# WHAT NEEDS TO BE DONE
Every line of the data below should be retyped exactly, with no images carried over.

# EXERCISE DATA
########
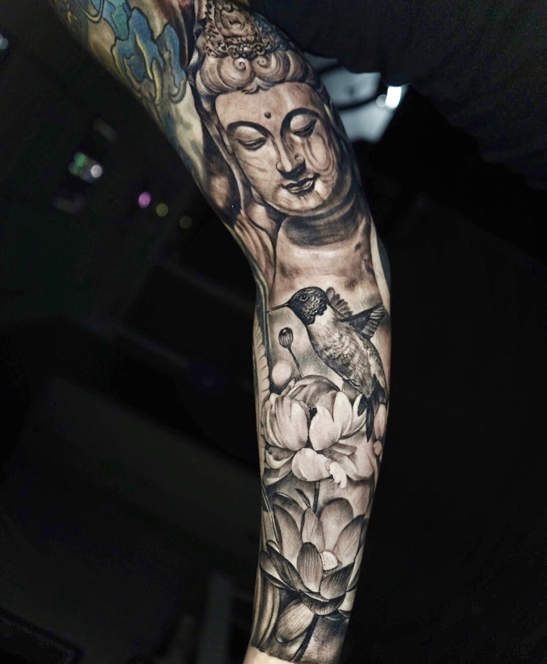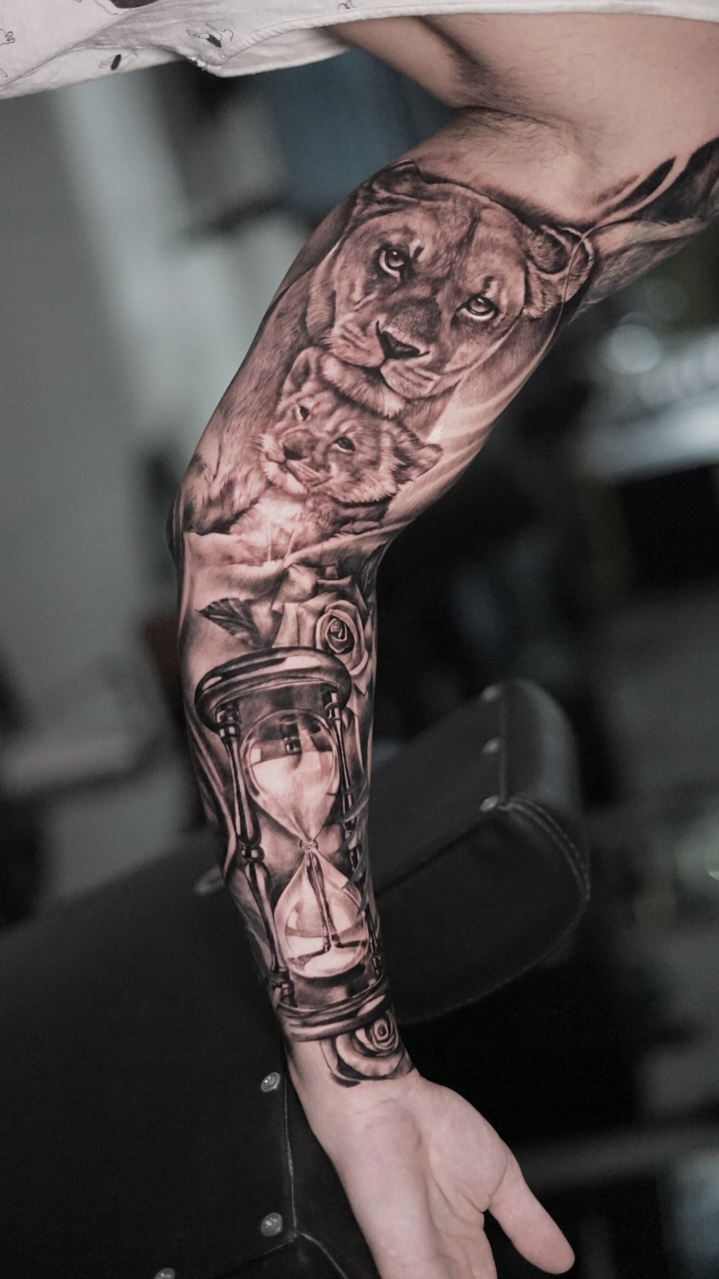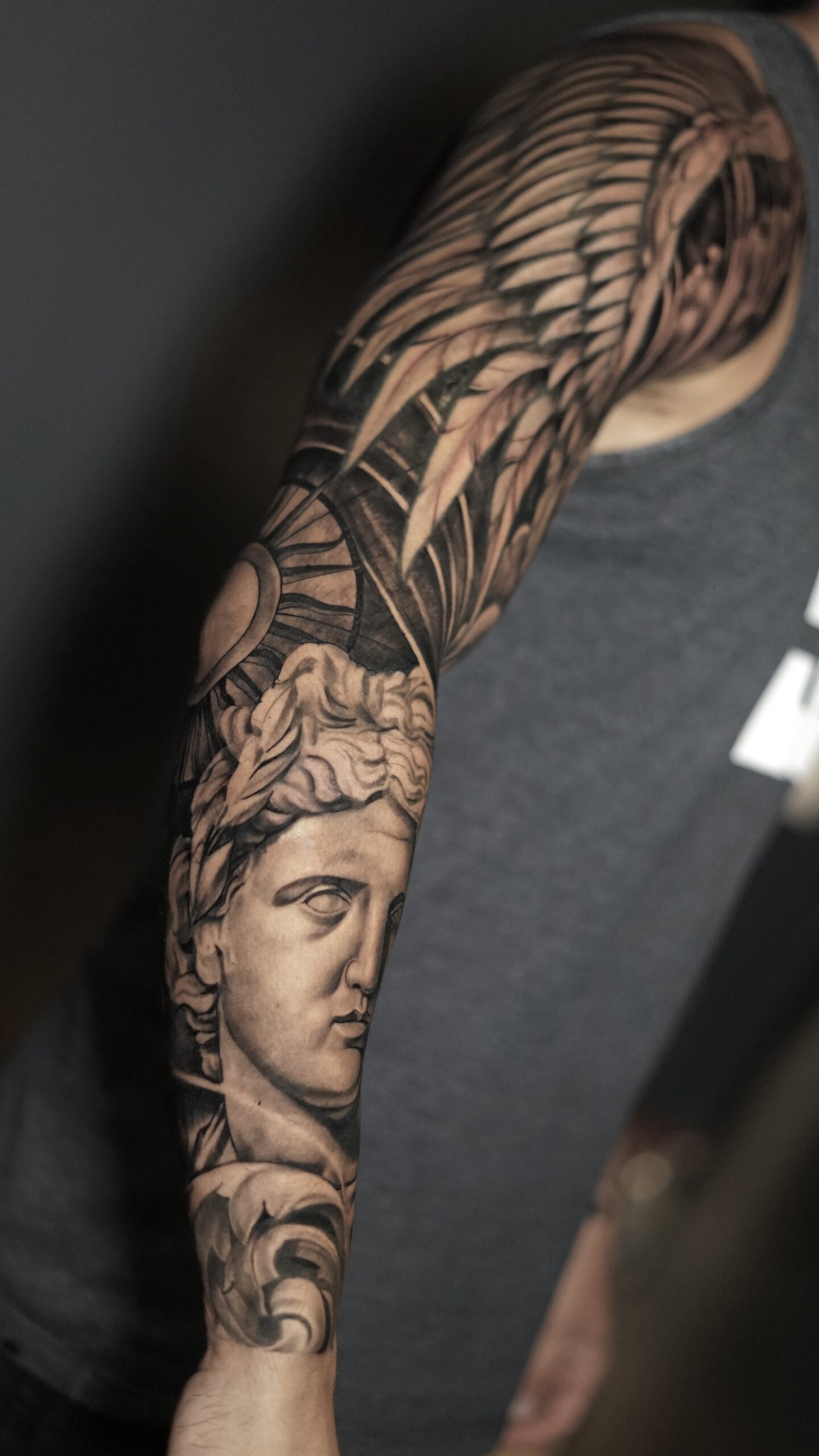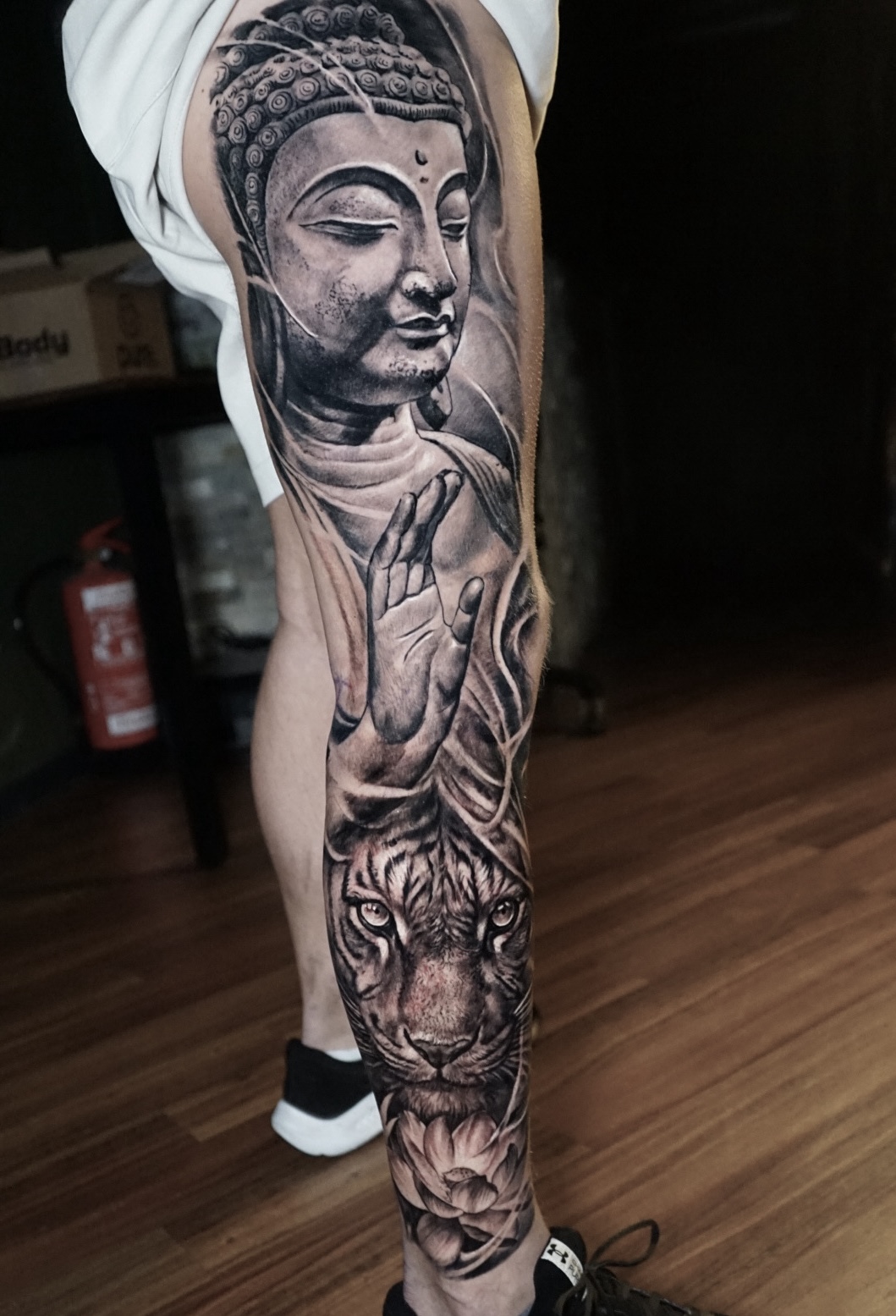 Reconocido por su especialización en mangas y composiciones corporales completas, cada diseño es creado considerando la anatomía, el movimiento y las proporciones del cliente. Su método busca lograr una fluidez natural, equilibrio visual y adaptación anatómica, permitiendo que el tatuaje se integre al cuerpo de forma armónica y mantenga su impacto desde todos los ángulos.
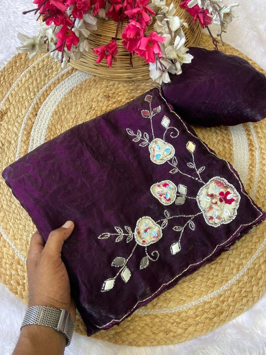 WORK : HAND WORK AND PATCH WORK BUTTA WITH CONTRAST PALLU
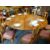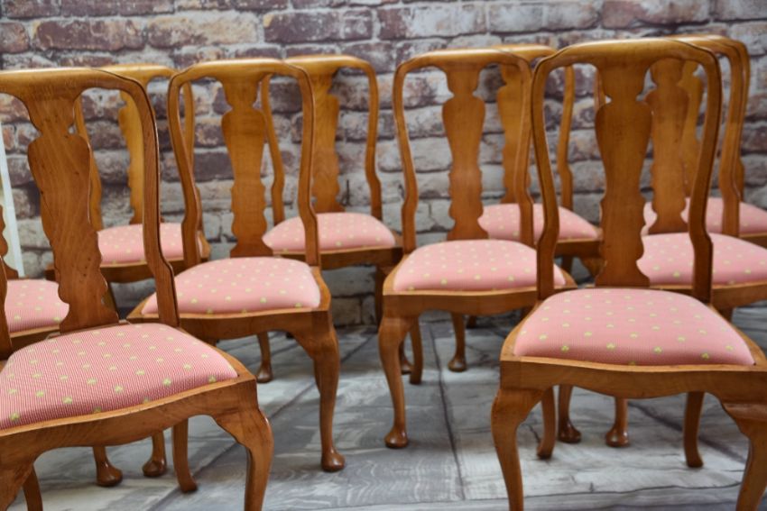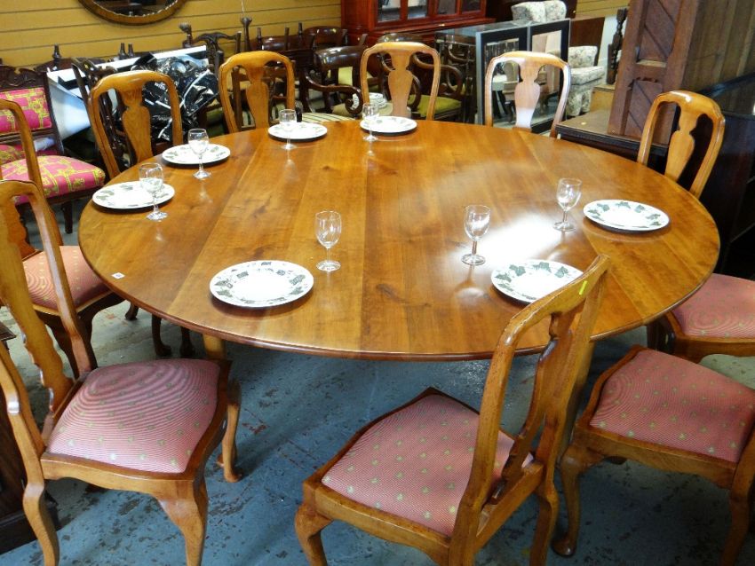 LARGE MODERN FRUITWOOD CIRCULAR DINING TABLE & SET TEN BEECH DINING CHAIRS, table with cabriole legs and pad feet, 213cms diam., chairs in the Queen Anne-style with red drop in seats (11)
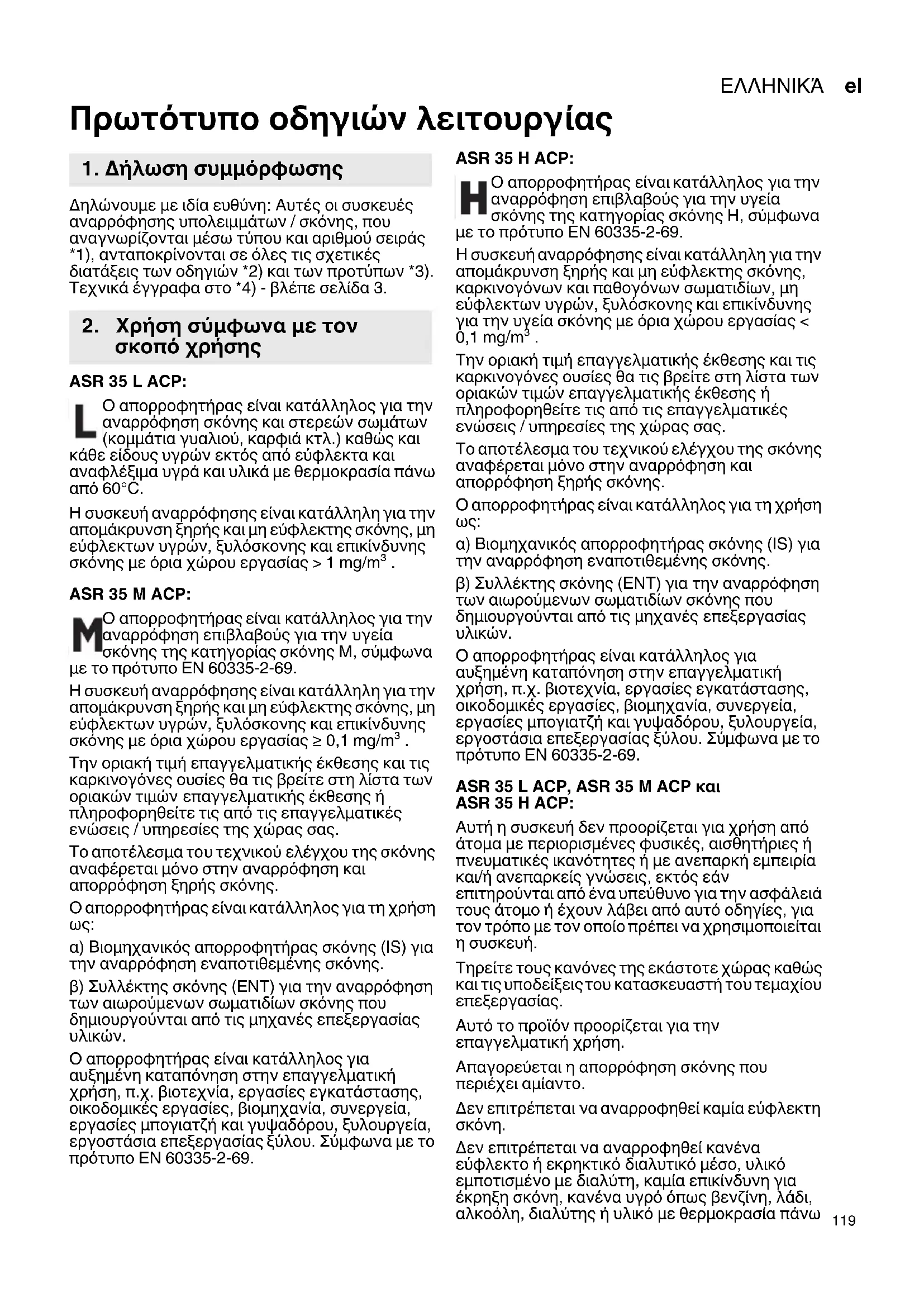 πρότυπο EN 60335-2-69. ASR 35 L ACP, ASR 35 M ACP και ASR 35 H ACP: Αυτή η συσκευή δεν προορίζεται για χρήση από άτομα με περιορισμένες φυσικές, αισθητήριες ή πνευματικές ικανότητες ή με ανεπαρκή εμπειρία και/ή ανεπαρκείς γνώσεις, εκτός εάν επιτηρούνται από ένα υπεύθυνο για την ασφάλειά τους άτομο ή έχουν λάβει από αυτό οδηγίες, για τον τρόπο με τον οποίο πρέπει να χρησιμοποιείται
########
# RESPONSE BOX
 Reconocido por su especialización en mangas y composiciones corporales completas, cada diseño es creado considerando la anatomía, el movimiento y las proporciones del cliente. Su método busca lograr una fluidez natural, equilibrio visual y adaptación anatómica, permitiendo que el tatuaje se integre al cuerpo de forma armónica y mantenga su impacto desde todos los ángulos.
 WORK : HAND WORK AND PATCH WORK BUTTA WITH CONTRAST PALLU
 LARGE MODERN FRUITWOOD CIRCULAR DINING TABLE & SET TEN BEECH DINING CHAIRS, table with cabriole legs and pad feet, 213cms diam., chairs in the Queen Anne-style with red drop in seats (11)
 πρότυπο EN 60335-2-69. ASR 35 L ACP, ASR 35 M ACP και ASR 35 H ACP: Αυτή η συσκευή δεν προορίζεται για χρήση από άτομα με περιορισμένες φυσικές, αισθητήριες ή πνευματικές ικανότητες ή με ανεπαρκή εμπειρία και/ή ανεπαρκείς γνώσεις, εκτός εάν επιτηρούνται από ένα υπεύθυνο για την ασφάλειά τους άτομο ή έχουν λάβει από αυτό οδηγίες, για τον τρόπο με τον οποίο πρέπει να χρησιμοποιείται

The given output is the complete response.